◆ YOUR GOAL
Find the line with "Disponível em três". Transcribe it and each later line of the data exactly, up to and including the last.

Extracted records

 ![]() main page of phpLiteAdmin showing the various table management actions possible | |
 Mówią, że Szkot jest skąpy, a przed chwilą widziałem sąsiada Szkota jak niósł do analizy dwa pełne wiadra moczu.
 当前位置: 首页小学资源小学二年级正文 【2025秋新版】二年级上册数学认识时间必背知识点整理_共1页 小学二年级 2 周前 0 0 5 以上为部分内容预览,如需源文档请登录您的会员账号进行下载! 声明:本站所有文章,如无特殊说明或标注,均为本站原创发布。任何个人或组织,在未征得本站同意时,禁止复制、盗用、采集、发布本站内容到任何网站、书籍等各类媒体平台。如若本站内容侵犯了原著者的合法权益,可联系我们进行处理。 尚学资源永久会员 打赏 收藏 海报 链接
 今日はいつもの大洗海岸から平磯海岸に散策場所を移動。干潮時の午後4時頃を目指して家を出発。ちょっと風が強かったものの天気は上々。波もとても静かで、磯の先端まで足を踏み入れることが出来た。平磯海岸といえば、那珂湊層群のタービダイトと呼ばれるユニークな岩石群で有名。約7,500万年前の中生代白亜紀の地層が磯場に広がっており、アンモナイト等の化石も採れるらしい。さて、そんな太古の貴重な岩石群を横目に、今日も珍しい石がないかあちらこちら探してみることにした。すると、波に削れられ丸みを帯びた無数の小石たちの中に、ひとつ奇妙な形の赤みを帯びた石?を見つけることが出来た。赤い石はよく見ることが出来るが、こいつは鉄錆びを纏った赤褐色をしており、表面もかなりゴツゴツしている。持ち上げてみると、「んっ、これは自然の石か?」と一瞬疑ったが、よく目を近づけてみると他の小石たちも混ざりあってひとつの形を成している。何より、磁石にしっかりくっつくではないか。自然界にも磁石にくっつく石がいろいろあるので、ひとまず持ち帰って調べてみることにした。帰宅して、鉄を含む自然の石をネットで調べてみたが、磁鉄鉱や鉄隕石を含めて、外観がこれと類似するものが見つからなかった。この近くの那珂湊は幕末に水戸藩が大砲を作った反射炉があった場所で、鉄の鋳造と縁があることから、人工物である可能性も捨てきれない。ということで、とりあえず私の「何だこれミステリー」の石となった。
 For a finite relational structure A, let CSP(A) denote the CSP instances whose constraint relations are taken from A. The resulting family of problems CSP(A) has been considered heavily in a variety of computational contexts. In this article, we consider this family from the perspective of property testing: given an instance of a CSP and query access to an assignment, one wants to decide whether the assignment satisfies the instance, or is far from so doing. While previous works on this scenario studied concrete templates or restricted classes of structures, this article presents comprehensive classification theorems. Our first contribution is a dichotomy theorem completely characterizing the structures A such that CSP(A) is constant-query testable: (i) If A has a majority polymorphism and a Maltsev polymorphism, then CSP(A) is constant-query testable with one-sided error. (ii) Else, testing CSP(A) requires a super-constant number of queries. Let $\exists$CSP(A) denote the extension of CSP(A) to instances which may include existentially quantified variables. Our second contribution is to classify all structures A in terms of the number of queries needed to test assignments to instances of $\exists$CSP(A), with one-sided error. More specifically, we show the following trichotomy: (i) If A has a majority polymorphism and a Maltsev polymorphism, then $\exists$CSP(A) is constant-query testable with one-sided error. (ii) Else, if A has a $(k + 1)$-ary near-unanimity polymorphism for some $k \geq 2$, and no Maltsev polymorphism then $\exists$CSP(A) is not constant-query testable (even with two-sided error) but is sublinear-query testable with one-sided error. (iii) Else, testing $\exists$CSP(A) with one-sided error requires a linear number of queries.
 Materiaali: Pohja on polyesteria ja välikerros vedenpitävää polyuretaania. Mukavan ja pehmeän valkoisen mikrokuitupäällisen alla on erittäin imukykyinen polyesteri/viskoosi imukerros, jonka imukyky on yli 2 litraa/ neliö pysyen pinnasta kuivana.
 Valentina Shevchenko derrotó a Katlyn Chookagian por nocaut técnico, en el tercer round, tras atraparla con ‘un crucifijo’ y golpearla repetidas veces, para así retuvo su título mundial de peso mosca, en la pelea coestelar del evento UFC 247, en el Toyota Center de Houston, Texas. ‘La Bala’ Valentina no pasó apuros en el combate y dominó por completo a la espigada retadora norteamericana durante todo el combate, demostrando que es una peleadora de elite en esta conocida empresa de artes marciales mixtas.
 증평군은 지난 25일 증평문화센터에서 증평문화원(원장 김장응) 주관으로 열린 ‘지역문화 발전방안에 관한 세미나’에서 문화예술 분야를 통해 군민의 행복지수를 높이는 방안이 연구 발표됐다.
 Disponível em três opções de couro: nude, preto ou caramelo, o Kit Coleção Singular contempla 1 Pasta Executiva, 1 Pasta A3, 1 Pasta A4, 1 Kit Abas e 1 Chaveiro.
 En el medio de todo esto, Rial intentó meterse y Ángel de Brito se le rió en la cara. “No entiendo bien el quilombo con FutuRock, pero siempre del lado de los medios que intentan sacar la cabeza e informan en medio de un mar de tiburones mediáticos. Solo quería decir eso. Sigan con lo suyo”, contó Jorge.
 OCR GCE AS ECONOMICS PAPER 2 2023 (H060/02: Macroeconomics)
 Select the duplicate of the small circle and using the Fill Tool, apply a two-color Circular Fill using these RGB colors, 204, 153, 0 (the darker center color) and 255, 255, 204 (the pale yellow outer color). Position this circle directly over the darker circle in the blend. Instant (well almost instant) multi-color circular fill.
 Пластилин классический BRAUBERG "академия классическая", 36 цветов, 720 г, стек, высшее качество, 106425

◆ WORKED SOLUTION
 Disponível em três opções de couro: nude, preto ou caramelo, o Kit Coleção Singular contempla 1 Pasta Executiva, 1 Pasta A3, 1 Pasta A4, 1 Kit Abas e 1 Chaveiro.
 En el medio de todo esto, Rial intentó meterse y Ángel de Brito se le rió en la cara. “No entiendo bien el quilombo con FutuRock, pero siempre del lado de los medios que intentan sacar la cabeza e informan en medio de un mar de tiburones mediáticos. Solo quería decir eso. Sigan con lo suyo”, contó Jorge.
 OCR GCE AS ECONOMICS PAPER 2 2023 (H060/02: Macroeconomics)
 Select the duplicate of the small circle and using the Fill Tool, apply a two-color Circular Fill using these RGB colors, 204, 153, 0 (the darker center color) and 255, 255, 204 (the pale yellow outer color). Position this circle directly over the darker circle in the blend. Instant (well almost instant) multi-color circular fill.
 Пластилин классический BRAUBERG "академия классическая", 36 цветов, 720 г, стек, высшее качество, 106425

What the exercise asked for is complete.